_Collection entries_
......

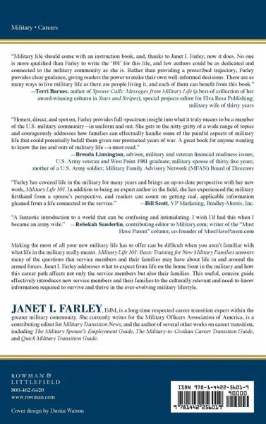 Janet I. Farley, EdM, is a long-time respected career transition expert within the greater military community. She offers military service members and their families her own brand of compassionate yet straight-forward career management and job search advice via her books and articles. Farley currently writes for the Military Officers Association of America(www.moaa.org) and she is a contributing editor for Military Transition News(www.civilianjobnews.com). She is an employment panel expert for the National Military Spouse Network (www.nationalmilitaryspousenetwork.org) and the author of several other works on career transition, including The Military Spouse's Employment Guide, The Military-to-Civilian Career Transition Guide, and Quick Military Transition Guide.
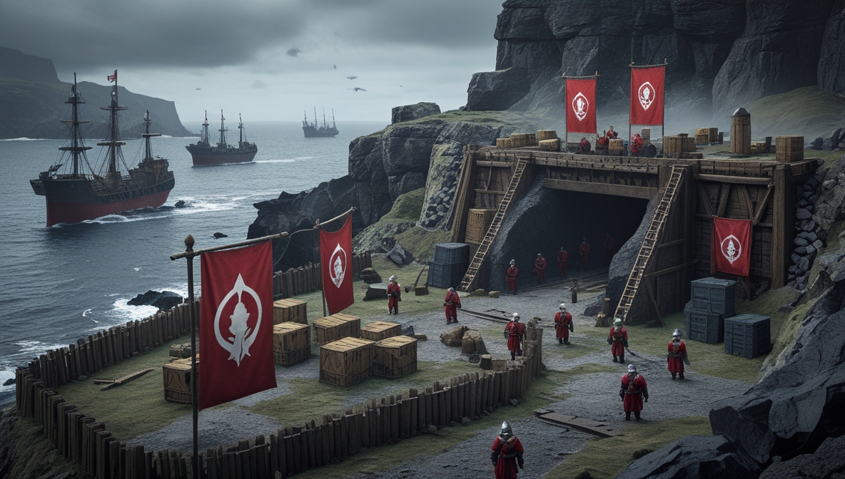 - The encampment is in conflict with pirates operating nearby.
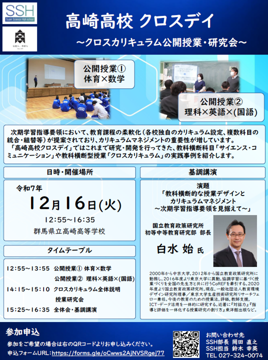 令和7年12月16日(火)に本校を会場に「高崎高校クロスデイ~クロスカリキュラム公開授業・授業研究会~」を開催します。教科横断科目「サイエンス・コミュニケーション」や教科横断型授業「クロスカリキュラム」の実践事例について紹介するとともに、国立教育政策研究所 初等中等教育研究部 部長 白水始 様による基調講演も予定されています。
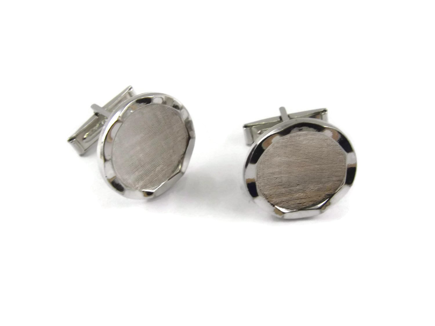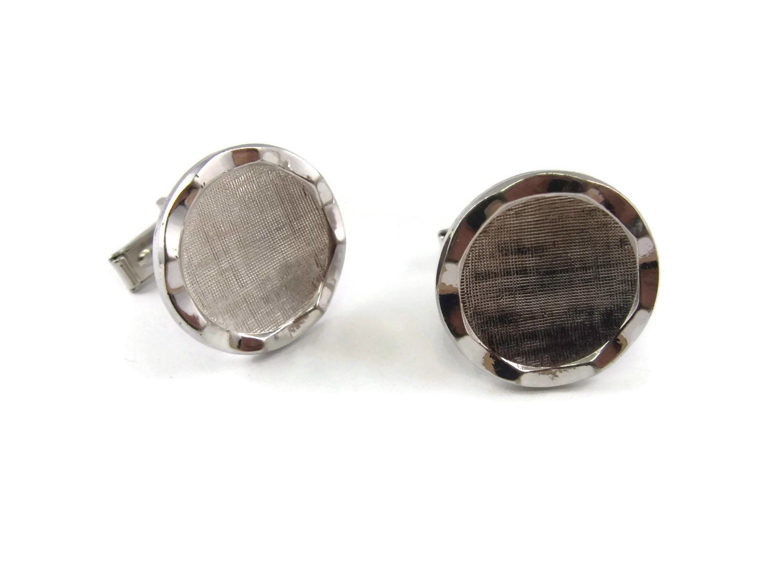 Vintage Cufflinks for Men: Great Silver Tone Round Textured Design
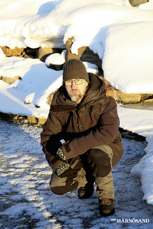 Oskar Norrgrann på spaning efter utter i Härnösand.
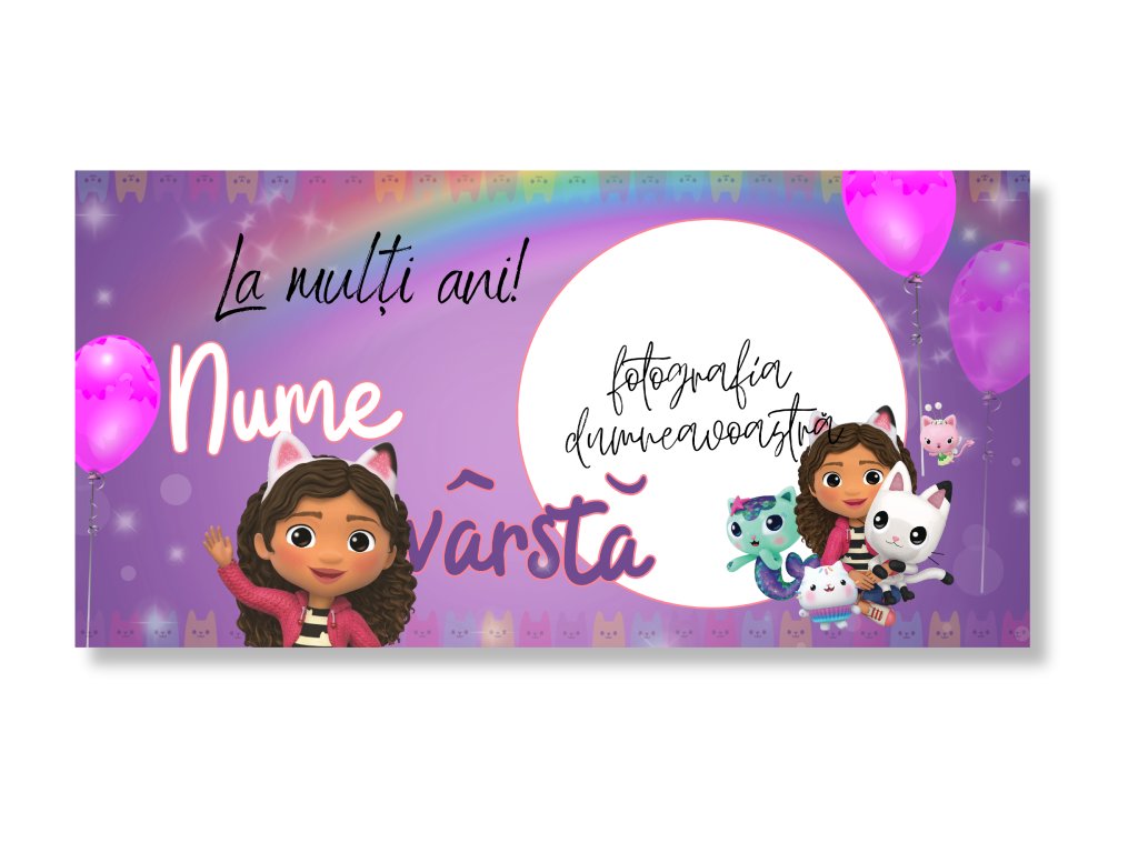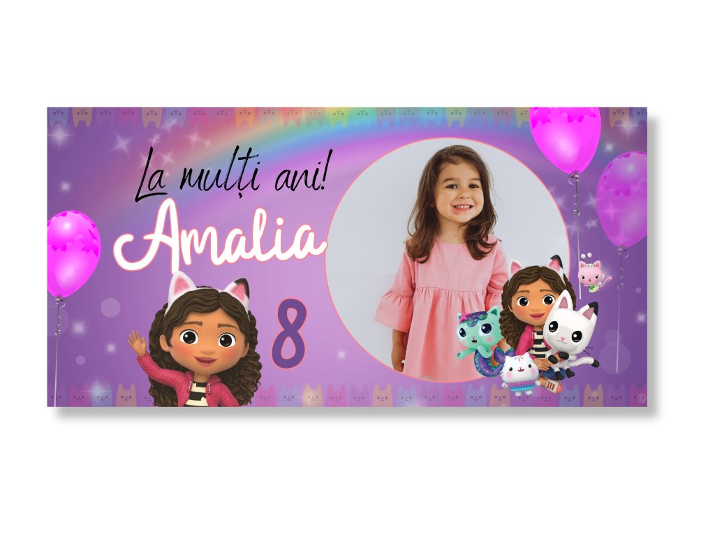 Narodeninový banner s fotkou - Gabby's dollhouse

......

_WHAT TO PRODUCE_
Your reply should restate every entry exactly, with the pictures left out.

_SOLUTION TO THIS TASK_
 Janet I. Farley, EdM, is a long-time respected career transition expert within the greater military community. She offers military service members and their families her own brand of compassionate yet straight-forward career management and job search advice via her books and articles. Farley currently writes for the Military Officers Association of America(www.moaa.org) and she is a contributing editor for Military Transition News(www.civilianjobnews.com). She is an employment panel expert for the National Military Spouse Network (www.nationalmilitaryspousenetwork.org) and the author of several other works on career transition, including The Military Spouse's Employment Guide, The Military-to-Civilian Career Transition Guide, and Quick Military Transition Guide.
 - The encampment is in conflict with pirates operating nearby.
 令和7年12月16日(火)に本校を会場に「高崎高校クロスデイ~クロスカリキュラム公開授業・授業研究会~」を開催します。教科横断科目「サイエンス・コミュニケーション」や教科横断型授業「クロスカリキュラム」の実践事例について紹介するとともに、国立教育政策研究所 初等中等教育研究部 部長 白水始 様による基調講演も予定されています。
 Vintage Cufflinks for Men: Great Silver Tone Round Textured Design
 Oskar Norrgrann på spaning efter utter i Härnösand.
 Narodeninový banner s fotkou - Gabby's dollhouse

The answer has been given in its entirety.